Note though that using RR may be dangerous in some cases:

sage: p = 1164288119
sage: q = 858893931563
sage: p*q
999999999999999999997
sage: RR(p*q)
1.00000000000000e21
sage: RR(p)*RR(q)
1.00000000000000e21

Also, without relying on RealLazyField, you can search the first digit by dichotomy: Let k = 10^(d-1) where d is the number of digits (sage: d = (2^57885161).ndigits()), you only have to find c between 1 and 9 such that you number is between c*k and (c+1)*k. My own implementation of this method is longer that Thierry's for you example, but is faster with my example above.

Can you explain how this works? I have no trouble with the concept of lazy evaluation, but why doesn't str force the evaluation of the whole number?

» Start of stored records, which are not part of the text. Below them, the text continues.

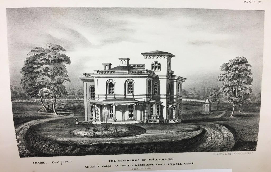 1850 was also the year that James C. Sidney, the noted Philadelphia cartographer, civil engineer and architect, along with partner James Neff, published their exceptional, illustrated map of Lowell. Sidney and Neff made a number of city maps but the Lowell example is the most distinctive. Sidney was the original designer of Philadelphia’s celebrated Fairmount Park. Rand’s house was one of the principal buildings that illuminated the map’s margins. Sidney must have been significantly impressed because he not only included it on the map but also as an example in his, American Cottage & Villa Architecture, A series of Plans and Views of RESIDENCES ACTUALLY BUILT. Intended as models for those about to build, as well as Architects, Builders, etc. It was published that same year as a subscription series. Unfortunately, there is no existing floor plan but the perspective view better demonstrates the architectural finesse that Coolidge admired and showcased Rand’s talent to a wider audience beyond Lowell. Coincidentally, the only other Boston area work illustrated was the Abbott Lawrence House in Brookline designed by Richard Bond of Roxbury.
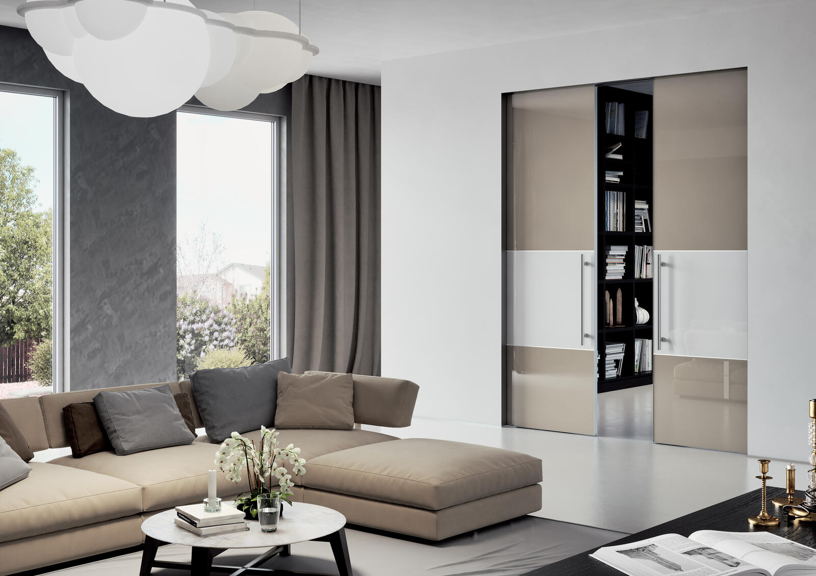 Bezobložkové stavebné puzdro pre dvojkrídlovézasúvacie dvere. Dizajnový model, ktorý je ideálny pre minimalisticky riešené interiéry. Puzdro je prispôsobené tak, aby jeho skrytá konštrukcia vytvorila hranu prechodového otvoru a v prípade požiadavky investora mohla byť skrytá pod povrchovou dokončovacou úpravu priečky. Pohyb drevených dverných krídel je v prípade tohto typu stavebného puzdra synchronizovaný – synchrónny posuv je v cene. Balíček synchron neposkytujeme ku skleneným dverným krídlam. V prípade murovanej priečky musí mať stavebný otvor preklad – stavebné puzdro nie je schopné niesť zaťaženie.
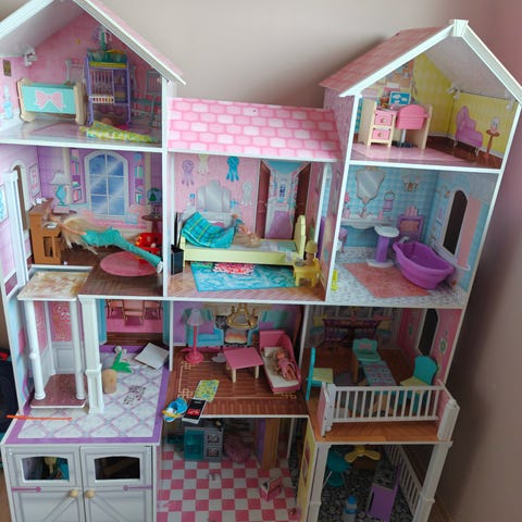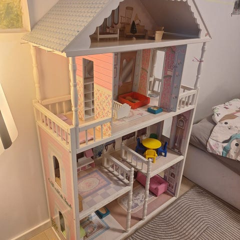 Følger med noen møbler som passer godt for dukker med garasjen men følger ikke med bil.

Or maybe it does, automatically selecting the optimal precision to compute the required result?

By the way, is there a particular reason why you used RLF(2^57885161) instead of RLF(2)^57885161? On my machine timing the first expression gives 100 loops, best of 3: 2.42 ms per loop, while the second one gives 1000 loops, best of 3: 285 µs per loop. To my inexpert eye this suggests that in the first case 2^57885161 is computed exactly and then converted to a floating point value, while in the second case the power is computed directly in floating point arithmetic.

@Bruno:

Good point about floating point errors being able to affect the leading digit! You'd have to check that the value is not very close to a cross-over point:

sage: a=RR(2)^57885161
sage: (a-(10.0)^floor(a.log()/(10.0).log()))/a
0.828145405814591

as long as this value isn't very close to 0 or 1 you should be fine.

If you want to use integer arithmetic, please don't use dichotomy, though. That's what we have long division for.

sage: a=2^57885161
sage: b=10^((RR(a).log()/log(10.0)).floor())
sage: b<=a
True
sage: a//b
5

If you get "True" and 0,...,9 from this, it's certainly the leading digit. If not, some rounding managed to get you the wrong number of digits (shouldn't really happen).